La détermination de l’énergie d’activation n’a pas été correctement faite par tout le monde, ce qui est navrant. Dans plusieurs copies, on m’a prétendu que la pente d’une droite est obtenue par le rapport Δx/Δy. D’autre part, moins d’un quart des élèves connait l’unité de l’énergie d’activation, ce qui est tout bonnement lamentable.
La seconde partie a été diversement abordée. Elle nécessitait d’avoir une vue d’ensemble de l’exercice. Tout le problème tend à montrer qu’il s’agit d’une réaction du second ordre, dont la vitesse fait intervenir la concentration de l’halogénoalcane ET du nucléophile. Cela fait penser à une SN2, dans l’étape cinétiquement limitante de laquelle les deux réactifs interviennent ; la réponse à la première question doit donc être en accord avec cette conclusion future, et il faut trouver le bon argument (ici : halogénoalcane primaire et bon nucléophile).
D’autre part, la résolution du problème nécessitait de se représenter concrètement la suite des opérations. Ainsi, l »éthoxyéthane peu polaire ne peut pas être invoqué pour discuter du mécanisme, puisqu’il est introduit à la fin de la réaction dans le mélange destiné à la stopper. De même, l’acide sulfurique n’est pas un catalyseur, mais bien destiné à stopper la réaction (en transformant l’éthanolate bon nucléophile en éthanol mauvais nucléophile). Il ne faut pas répéter comme un perroquet ce qui a été dit en TP : il n’y a pas de complexe qui se forme, ni de réaction rédox pour laquelle il y a des H+ à fournir.
Enfin, il faut bien distinguer les deux réactions : celle dont on étudie la cinétique (la SN) et la réaction de dosage qui sert à mesurer la concentration des ions chlorure (donc à mesurer l’avancement volumique de la SN).

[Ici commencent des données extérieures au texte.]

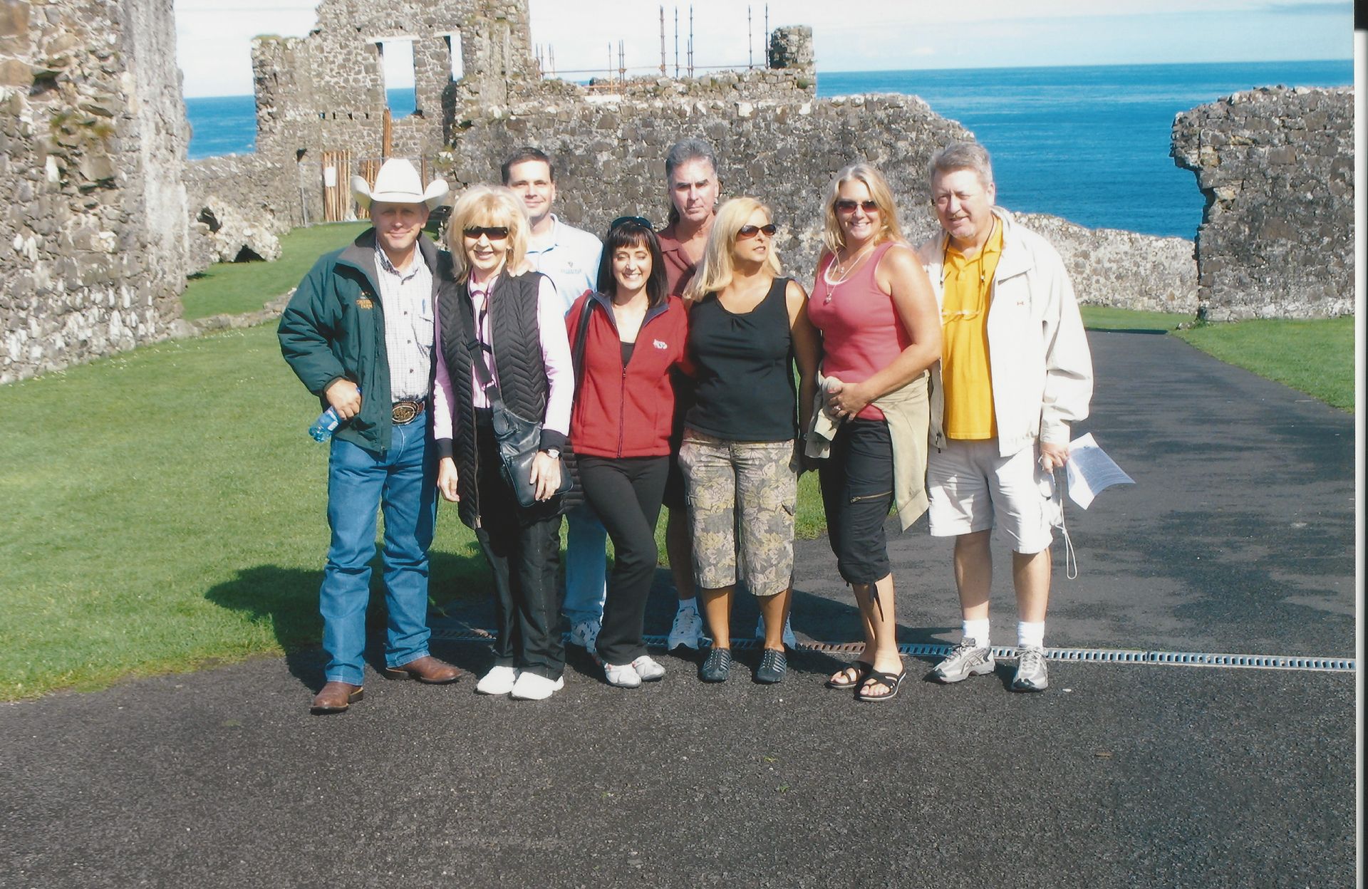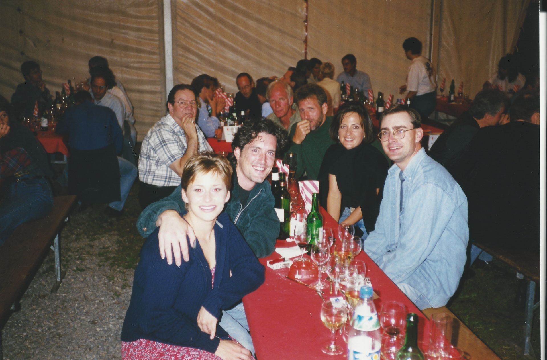 The night before the festival in Gstaad (1999), they had a welcome party for all the artists, their bands and crews, as well as sponsors for the event. It was quite an event - held in the huge tent where they would have the parties after the concerts each night of the festival. The other acts on the tour, were Mark Chesnutt, Ricky Skaggs, and Allison Moorer. I remember being so impressed by this party. The food was amazing and so was the wine. I noticed how good the "table wine" was and that the alcohol content was considerably lower than typical wine. I must have had 5 glasses that night, and still felt great the next morning. There was live country music and dancing after dinner. Just when I thought it couldn't get any better, big double doors opened on the other side of the tent and they pulled in this huge hay wagon full of every imaginable chocolate dessert. I kept thinking to myself, "How did I get here?" How did I get so lucky?" In this picture, on the left side of the table, Morgan Whitley (Lorrie’s daughter - in front), Randy Flowers (guitar - behind her). On the right side of the table, Dave Carney (guitar tech - in front), me, Mark Oliverius (keyboards), and Kyle Tullis (bass guitar).
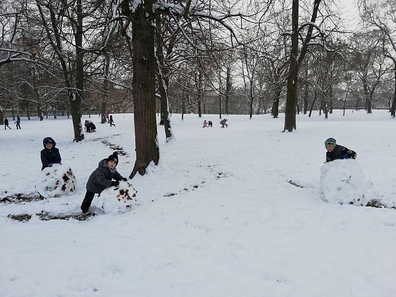 A děti bez těchto dopravních prostředků, si užívají stavění sněhuláků nebo jen tak napodobují práci některého hmyzu a vyrábí koule gigantických rozměrů.
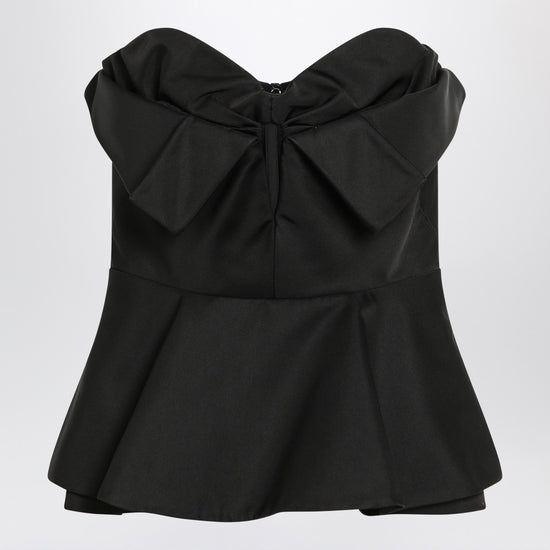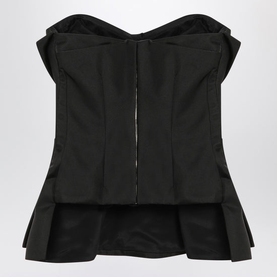 Strapless top by alexander mcqueen in black silk blend duchess, featuring draping on the neckline, bodice with cut-out details, flared hem with ruffles, and a zip closure at the back. size and fit - model wears size 40 it model measurements: height: 178 cm chest: 83 cm waist: 63 cm hips: 91 cm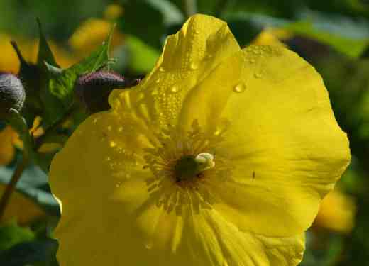 The blooms are a pure, lemon yellow – very attractive – and I noticed that they were very popular with honey bees which landed in the centre of the blooms and ‘ran’ around the stamens as though collecting pollen on their tummies.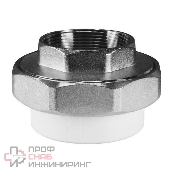 Муфта комбинированная разъёмная (американка) с наружной резьбой — комбинированный полипропиленовый фитинг. Представляет собой разъемное соединение между металлической и пластиковой трубой. Латунные части производятся методом горячего штампования, пластиковые – методом литья под давлением.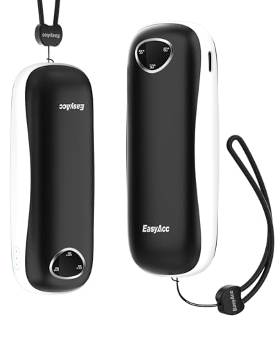 EasyAcc Uppladdningsbar handvärmare, 10 000 mAh elektrisk handvärmare bärbar återanvändbar handvärmare ficka/USB-C/kraftbank, present till Raynaud skidåkning bergsklättring golf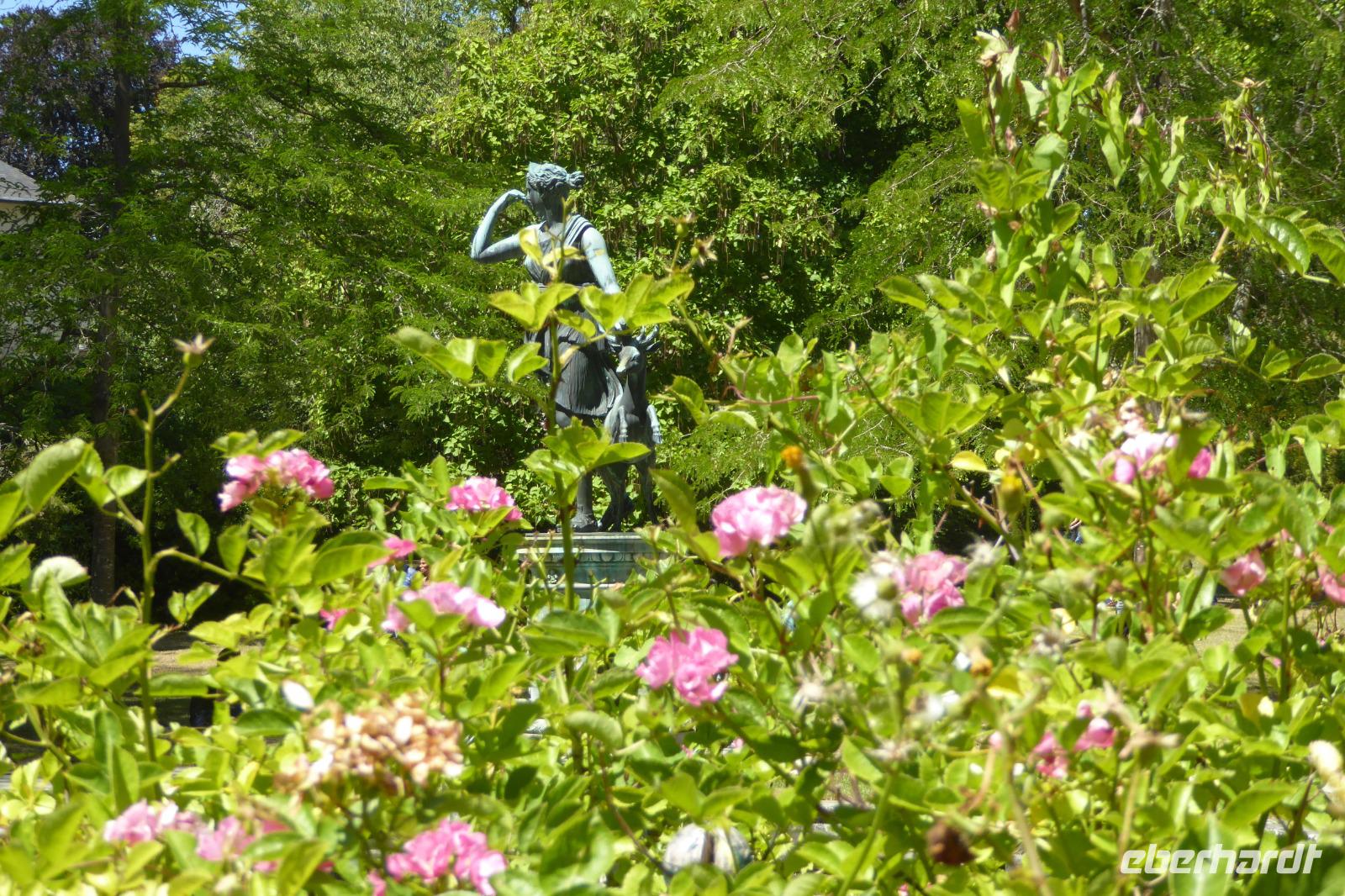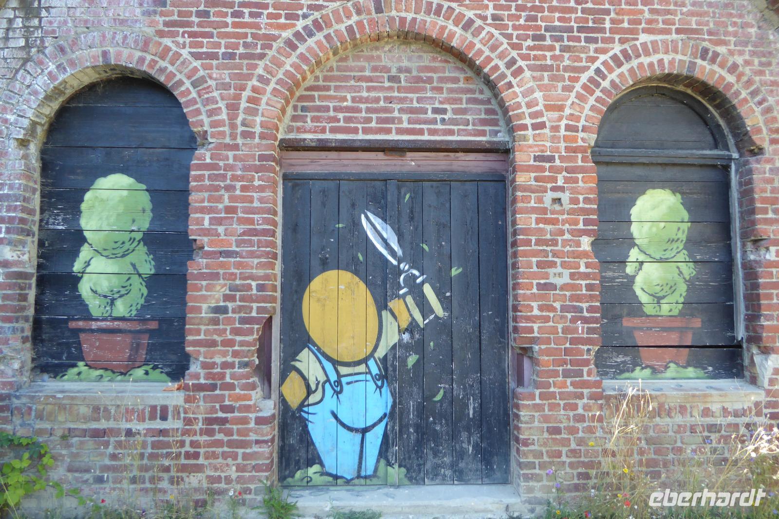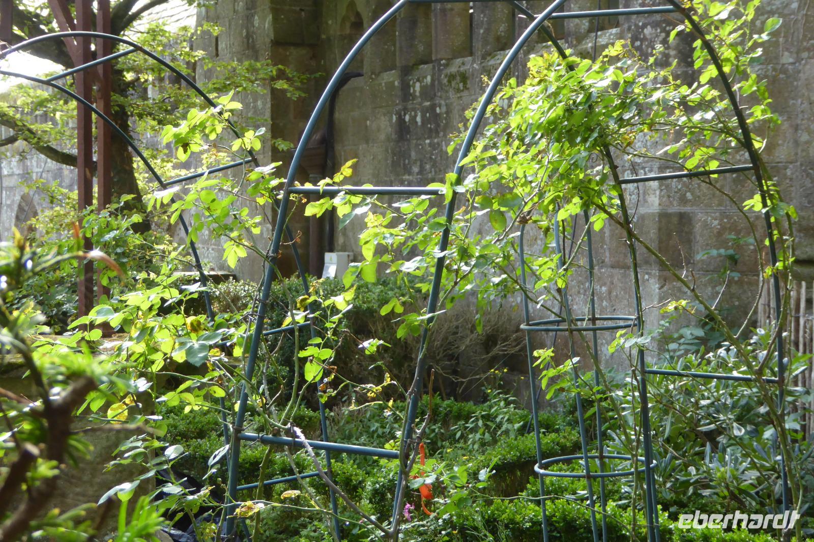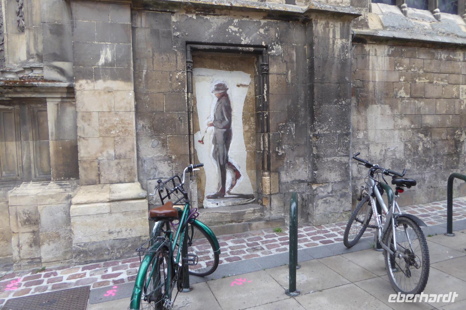 Gleich nach dem Frühstück, das uns Coronasicher auf einem mit Folie abgedeckten Tablett serviert wurde machten wir uns auf zu einem Spaziergang durch die Stadt, vorbei an St. Pierre ins Viertel Vauguex und zur Burg Williams des Eroberers. Unter dessen Schutz und Herrschaft erlangte die Region eine wirtschaftliche Blütezeit. Die mächtige Wehranlage thront über der Stadt, die im zweiten Weltkrieg fast völlig zerstört wurde. Heute hat sich die Burganlage der Kunst verschrieben, das normannische Kunstmuseum zeigt eindrucksvolle Großskulpturen von Rodin und Bourdelle sowie moderne Plastiken internationaler zeitgenössischer Künstler. Auch in der Stadt begegneten uns überall die Kunstwerke internationaler Street Art Künstler.Mit dem Bus erreichten wir wenig später die Abbay aux Hommes in Caen. William ließ zwei Klöster, St. Étienne, die Abbaye aux Hommes und Sainte Trinité, die Abbaye aux Dames im elften Jahrhundert errichten, um, wegen seiner von Papst Leo IX missbilligten Heirat mit seiner Cousine Mathilde von Flandern, Abbitte zu leisten. In der Abteikirche St. Étienne fand er seine letzte Ruhestätte, bis Aufständische das Grab plünderten. Lediglich eine bescheidene Grabplatte im Chor erinnert an den großen normannischen Herrscher.Im Park vor den Klostergebäuden, in denen sich das Rathaus und ein Museum befinden, machten wir eine gemütliche Kaffeepause, bevor wir zum Parc floral weiterfuhren.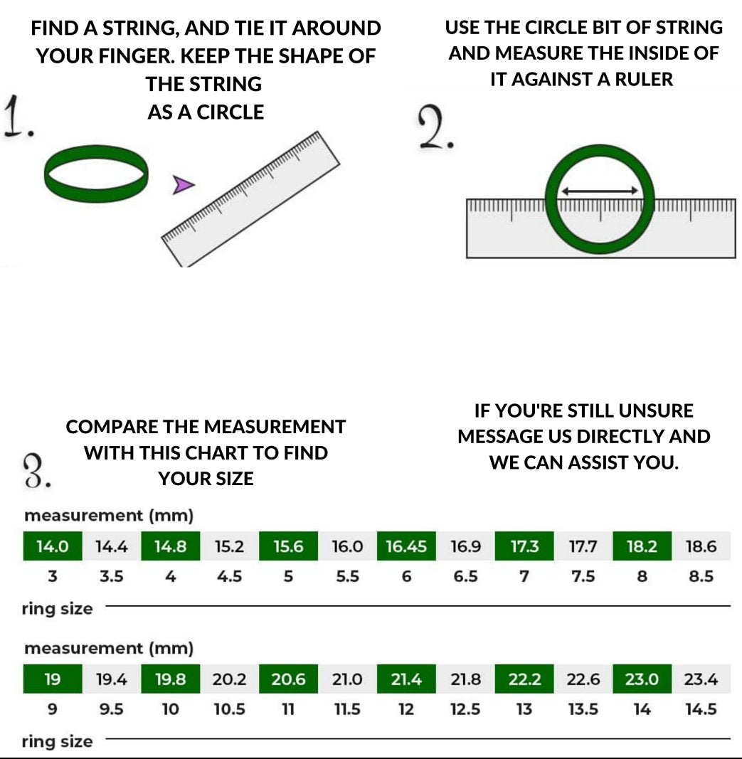 Sizing: If you are not sure about your size, we kindly ask to follow the image above to measure your finger, and use the measurement chart to see your size.

Notons que le rôle de la température a été totalement incompris par la plupart d’entre vous. Préparer les ampoule à basse température ne sert pas à éviter une élimination (il n’y a pas de H en β), surtout qu’ensuite on porte les ampoules dans un thermostat. On prépare les ampoules à basse température pour que la réaction ne démarre pas ou peu, et on déclenche le chrono quand on porte les ampoules à une température plus élevée dans le thermostat.
Je me permets d’être surpris que la question 6 ait été si maltraitée. On a deux solutions, une de A et une de B, dont les concentrations sont connues. On prélève 9 mL de la première et 1 mL de la seconde et on les mélange. La réaction peut alors commencer. Ce qui est important c’est les concentrations de A et de B une fois le mélange fait quand la réaction démarre. Il s’agit d’un problème de dilution, qui relève du programme de seconde, qu’on ne va pas refaire en première année de prépa.
Peu d’étudiant ont établi l’équation différentielle, et seule une poignée l’a (correctement) résolue. Je n’ai eu la vérification de l’ordre et la constante de vitesse que dans 2 copies (où la réponse est d’ailleurs juste). On va dire que la cinétique était trop fraiche.